**EXERCISE OBJECTIVE**
Copy, word for word, the line containing "3. Dokumentasi Wawancara dengan Kepala MADIN" and each line that follows it in the entries below; pictures do not belong in the copy.

**SUPPLIED INFORMATION**
----

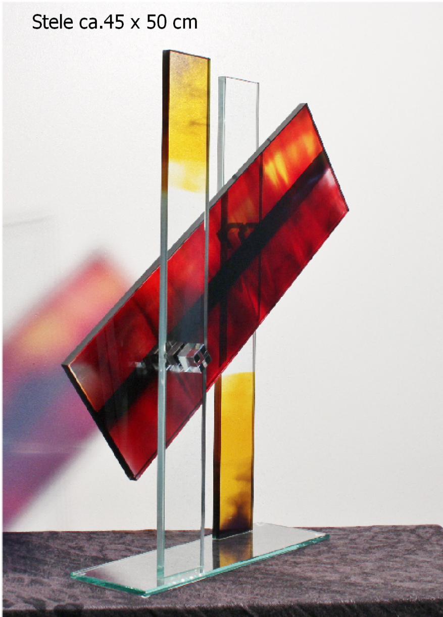
Stele ca.45 x 50 cm
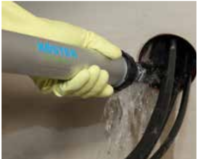
1 Een lekkende ...
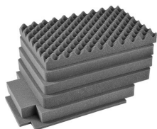
iM2620-FOAM 6 St. Ersatz-Schaumstoffeinsätze
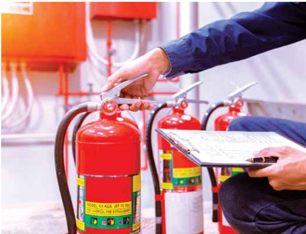
Január 22-től hatályos az új Országos Tűzvédelmi Szabályzat

A témában tájékoztató tértismentes rendezvényt tartunk 2020. február 13-án, csütörtökön, 14,00 órai kezdettel a Gazdaság Házában. Résztletek és jelentkezés az fmkik.hu honlapon.
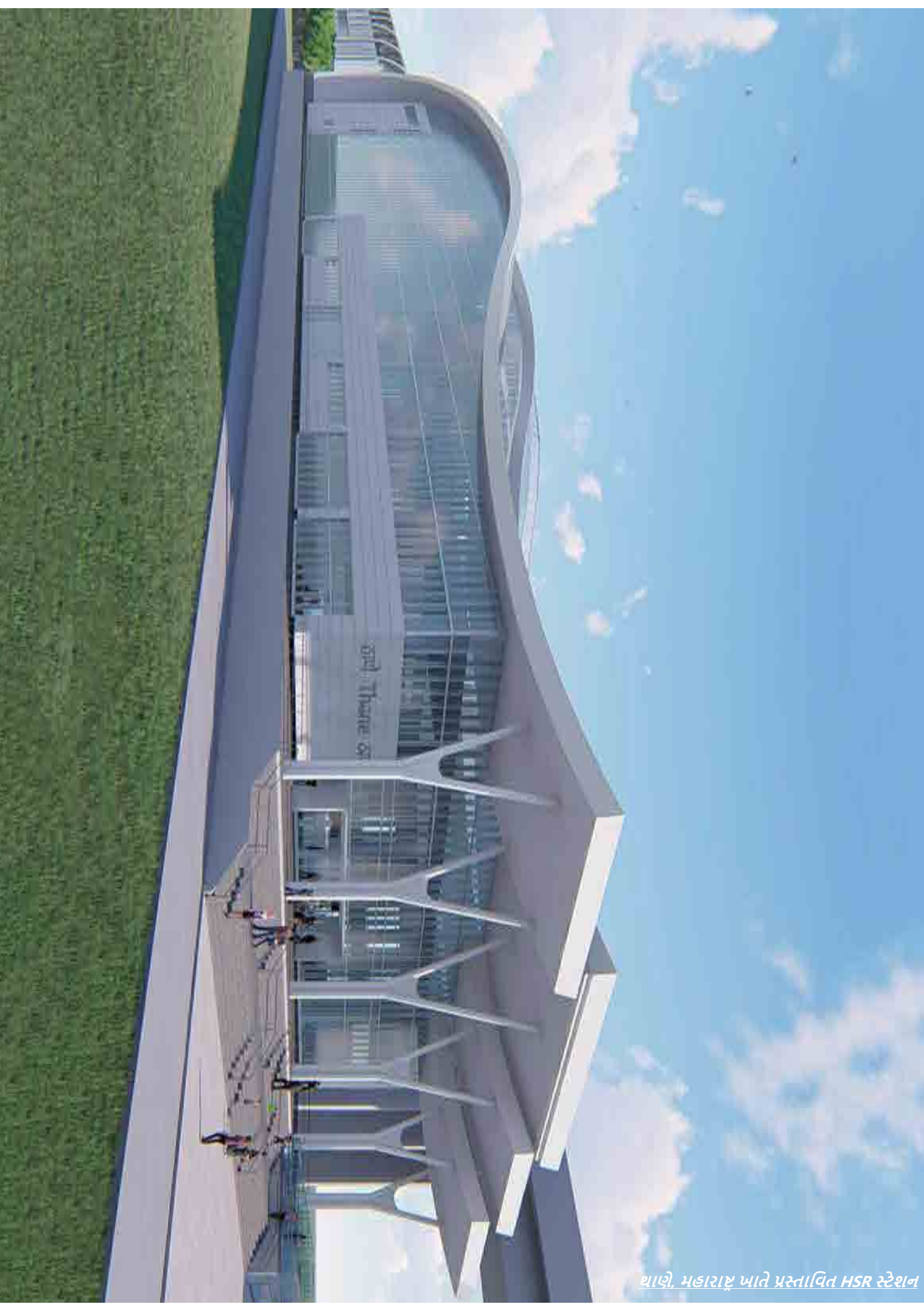
थाणे, महाराष्ट्र ખાતે પ્રસ્તાવિત HSR સ્ટેશન
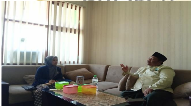
3. Dokumentasi Wawancara dengan Kepala MADIN
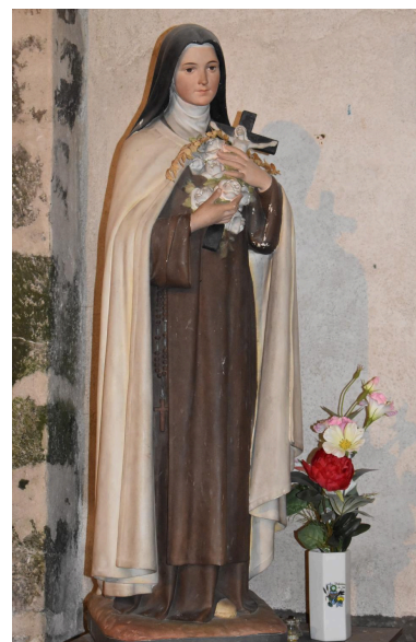
statue de sainte Thérèse de l'Enfant Jésus

----

**RESPONSE**
3. Dokumentasi Wawancara dengan Kepala MADIN
statue de sainte Thérèse de l'Enfant Jésus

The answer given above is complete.